Pathology and Laboratory Medicine, Fondazione IRCCS Istituto Nazionale dei Tumori (INT), Milan, Italy.
Division of Epidemiology and Biostatistics, IEO, European Institute of Oncology IRCCS, Milan, Italy.
Eur J Surg Oncol. 2019 May;45(5):755-760. doi: 10.1016/j.ejso.2018.10.052. Epub 2018 Oct 11.
In pancreatic neuroendocrine neoplasms (pNEN), size ≤2 cm and Ki-67 < 3% suggest indolent behavior, but no factor alone predicts prognosis.

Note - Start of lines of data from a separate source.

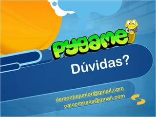 Este documento fornece uma introdução ao Pygame, uma biblioteca gráfica para Python que permite a criação de jogos. Ele explica como funcionam os principais componentes de um jogo no Pygame, incluindo eventos de mouse e teclado, módulos para imagens, sons, sprites e tempo.
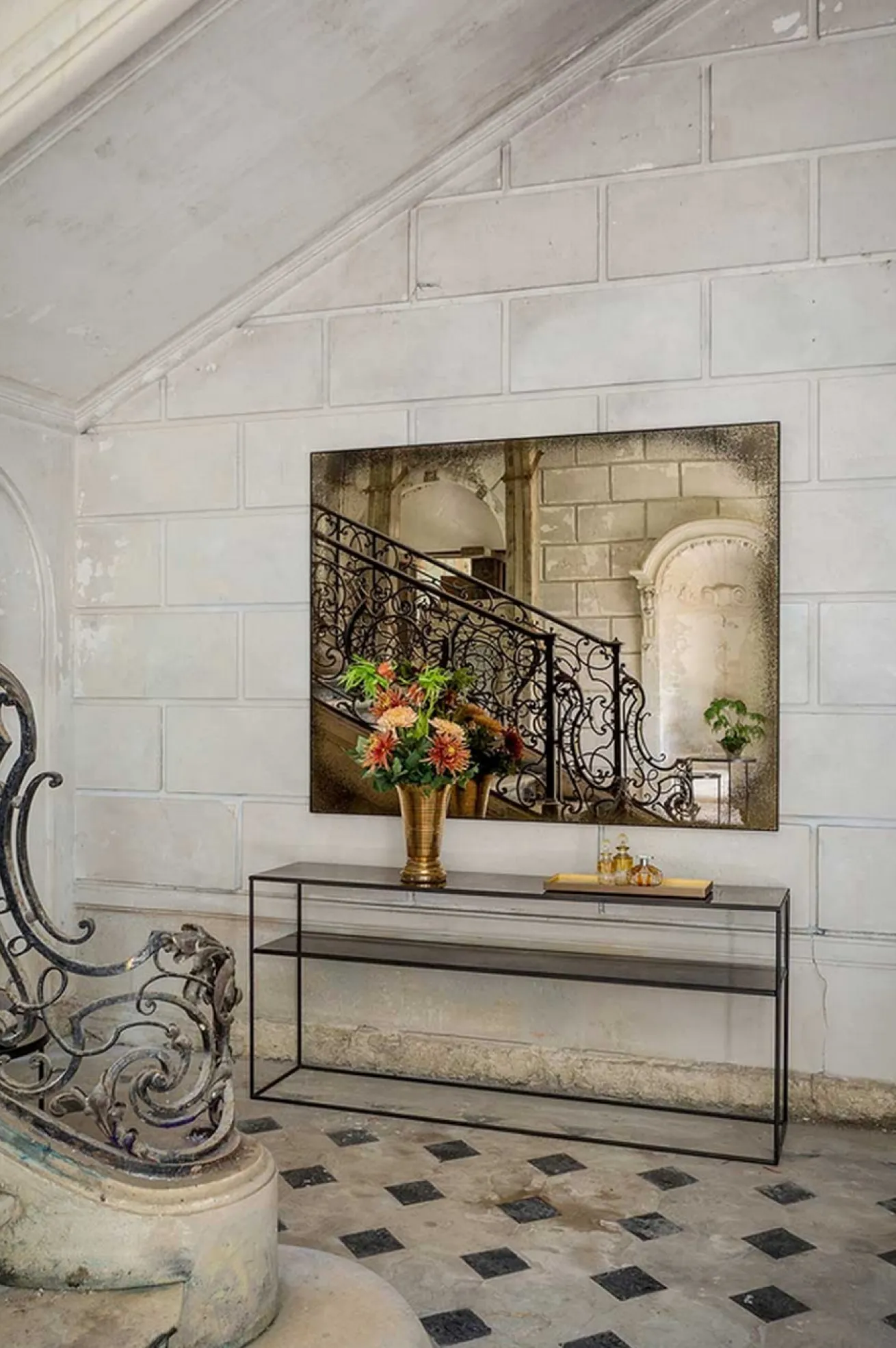 | Material | gealtertes Spiegelglas, Metall |
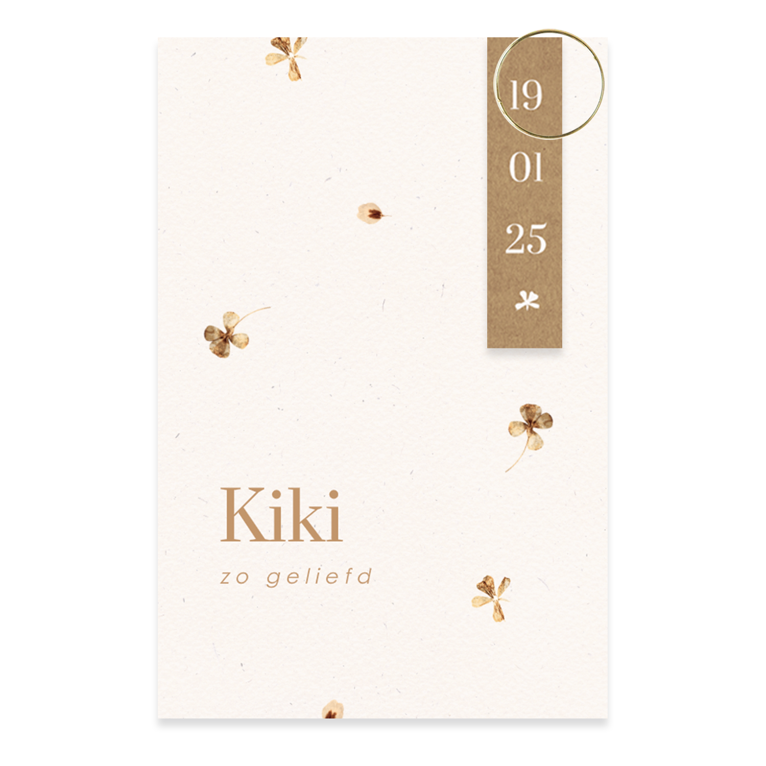 Dit is een prachtig geboortekaartje voor jullie dochter. Het kaartje heeft een lichte achtergrond met kleine droogbloemen. Bij het kaartje hoort een label waarop de geboortedatum van jullie kleintje of een leuk tekstje geplaatst kan worden. Het kaartje heeft een formaat van 11x17 cm. De bijpassende envelop die je kunt bestellen is 12 x 18 cm, zodat het kaartje er perfect in past.
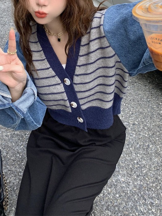 Adotta un look di tendenza con il nostro maglione a righe con scollo a V, perfetto per ogni occasione. Questo maglione a maniche lunghe è ideale per le giornate fresche e aggiunge un tocco di stile coreano al tuo guardaroba. 🌟
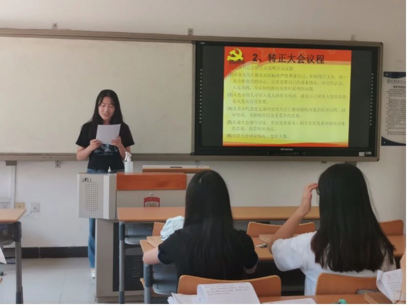 首先,预备党员王玮一、宁婷、赵思源、何蕊、焦婧妍、李一凡、许锦超、田茂露等8位同志分别汇报了自己的基本情况、对党的认识和入党动机、及预备期表现等,他们向党组织说明了目前自身存在的问题以及今后将如何按照党员标准严格要求自己,积极履行义务,做一名合格的党员。入党介绍人、培养考察人及支委会代表也分别向党员大会汇报了支委会的意见。
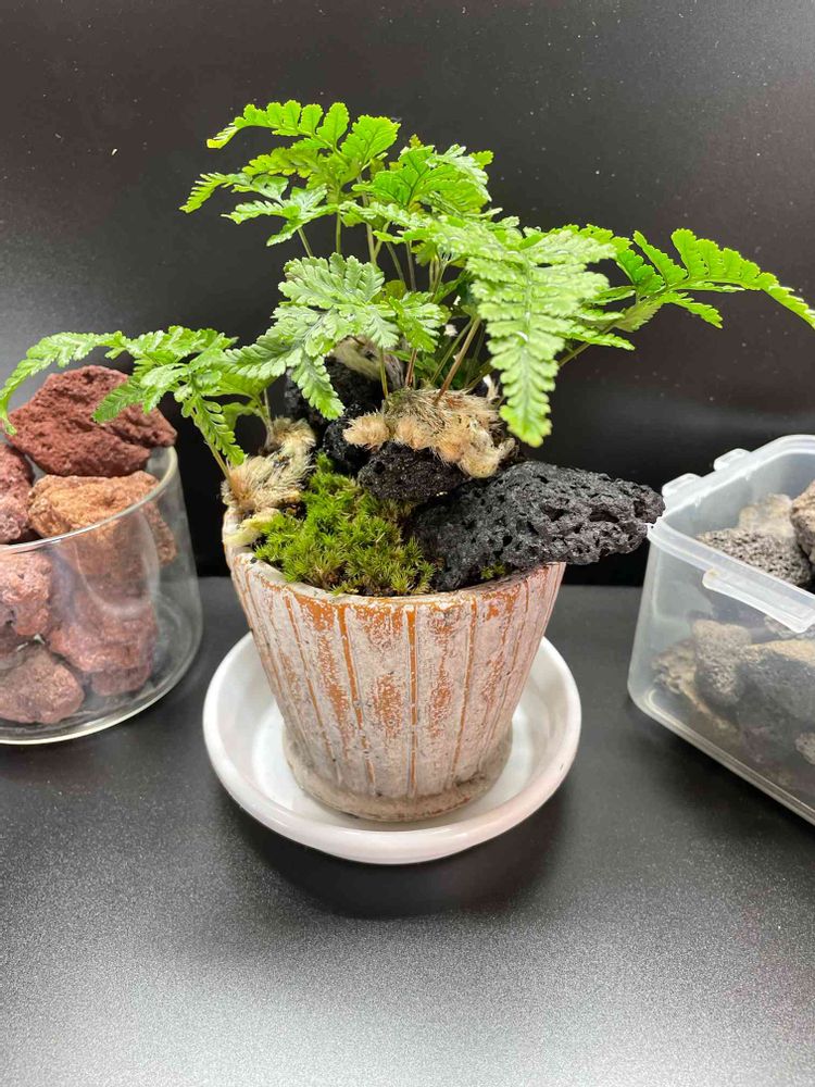 トキワシノブさん導入。石化なんで結構ネコってます^_^。着生系なんで溶岩石に乗せて隙間に苔配置してみました。吊りシノブもやってみたい。

We investigated factors predictive of tumor progression in 80 pNENs surgically resected in a single Institution from 1995 to 2015. At multivariable analysis the only two independent variables related to PFS were Ki-67 (HR 2.97; 95%CI 1.26-7.02) and presence of synchronous liver metastases (HR 3.60; 95%CI 1.70-7.61). Using Ki-67 < 3% and M0 as reference, the HR for tumor progression was 3.21 (95%CI 1.18-8.74) for M0 patients with Ki-67 3-20%, 5.06 (2.29-11.2) for M1 patients with Ki-67 ≤ 20% and 24.3 (6.64-89.2) for those with Ki-67 > 20%. Tumor size (≤2 vs. >2 cm) was not a predictive factor at any analysis. Intra-class correlation of Ki-67 values on pre-surgical biopsies vs. surgical specimens was 0.99 and Ki-67 classes were correctly identified in 97% of biopsies. Ki-67 and presence of liver metastases are the major prognostic factors in pNEN and identify different progression risks regardless of tumor size. Pre-surgical pNEN biopsy for Ki-67 assessment should be included in the evaluation of patients with 1-2 cm tumors to help in the decision on whether to perform surgical resection.
在胰腺神经内分泌肿瘤(pNEN)中,直径≤2cm 且 Ki-67<3%提示肿瘤生长缓慢,但没有任何单一因素可以预测预后。我们研究了在一个机构中 1995 年至 2015 年期间接受手术切除的 80 例 pNEN 患者的肿瘤进展预测因素。在多变量分析中,与 PFS 相关的两个独立变量是 Ki-67(HR 2.97;95%CI 1.26-7.02)和同步肝转移的存在(HR 3.60;95%CI 1.70-7.61)。使用 Ki-67<3%和 M0 作为参考,Ki-67 为 3-20%的 M0 患者、Ki-67≤20%的 M1 患者和 Ki-67>20%的患者肿瘤进展的 HR 分别为 3.21(95%CI 1.18-8.74)、5.06(2.29-11.2)和 24.3(6.64-89.2)。在任何分析中,肿瘤大小(≤2cm 与>2cm)都不是预测因素。术前活检与手术标本的 Ki-67 值的组内相关系数为 0.99,97%的活检正确识别了 Ki-67 分级。Ki-67 和肝转移的存在是 pNEN 的主要预后因素,无论肿瘤大小如何,它们都能识别出不同的进展风险。对于直径为 1-2cm 的肿瘤患者,应包括术前 pNEN 活检进行 Ki-67 评估,以帮助决定是否进行手术切除。